◆ **Stored data**:
■ ■ ■

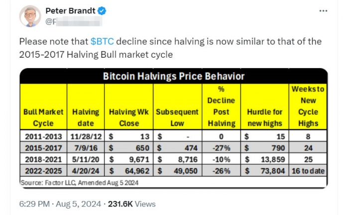 在8月5日的一篇X帖子中,Brandt表示,“自減半以來(lái)的BTC下跌現(xiàn)已類似于2015-2017減半牛市周期。”
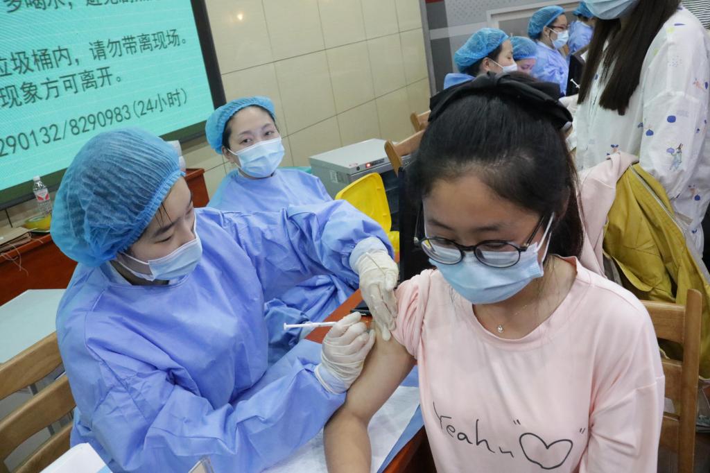 同学们有序排队接种
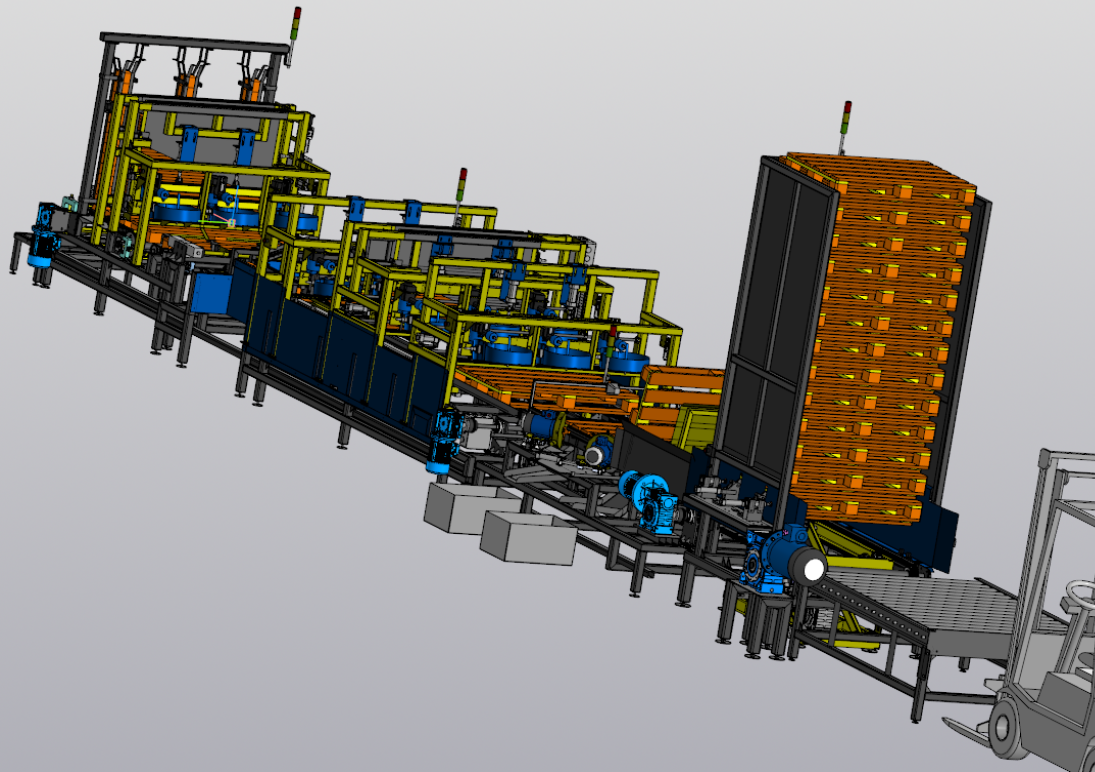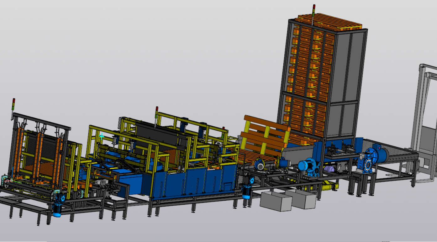 - Узел паллетирования (формирует паллету из 23 поддонов, вложенных друг в друга, сформированная
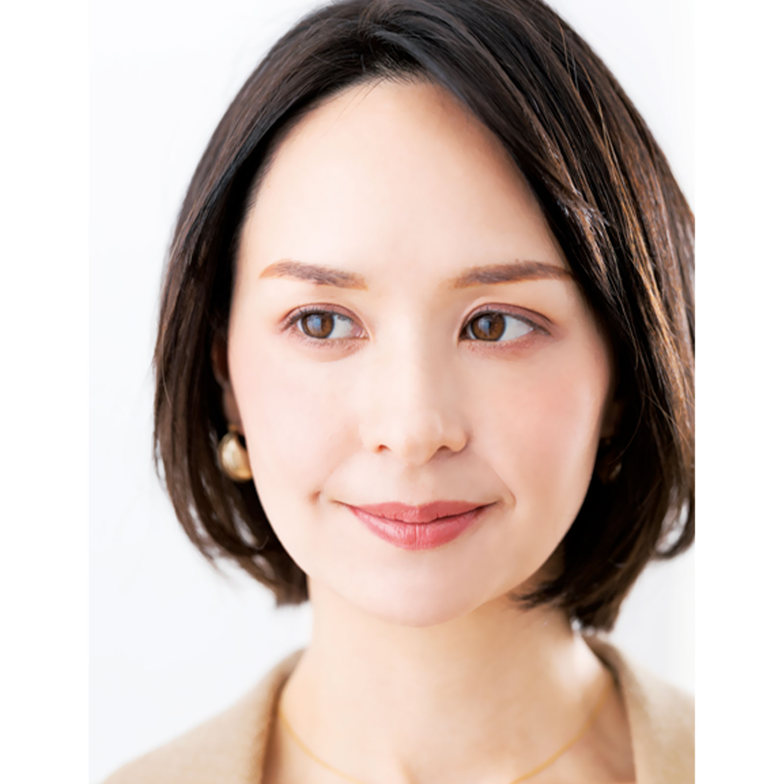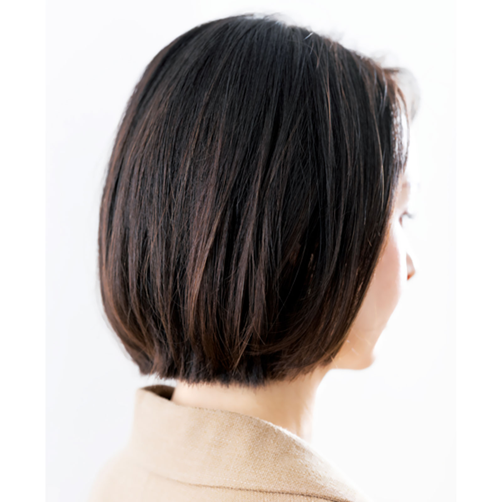 「アゴの高さでカットしたワンレンベースのショート。毛先に厚みが出ないように毛先3cmにレイヤーを入れ、後ろは髪が溜まりやすいので毛量調整します。おでこを出すので前髪は鼻先くらいの長めでカット」

■ ■ ■

◆ **Task to complete**: Wording must stay exact. Give again the lines from the line with "- Узел паллетирования" through the last line of the listing, both ends included, without pictures.

◆ **Task output**:
 - Узел паллетирования (формирует паллету из 23 поддонов, вложенных друг в друга, сформированная
 「アゴの高さでカットしたワンレンベースのショート。毛先に厚みが出ないように毛先3cmにレイヤーを入れ、後ろは髪が溜まりやすいので毛量調整します。おでこを出すので前髪は鼻先くらいの長めでカット」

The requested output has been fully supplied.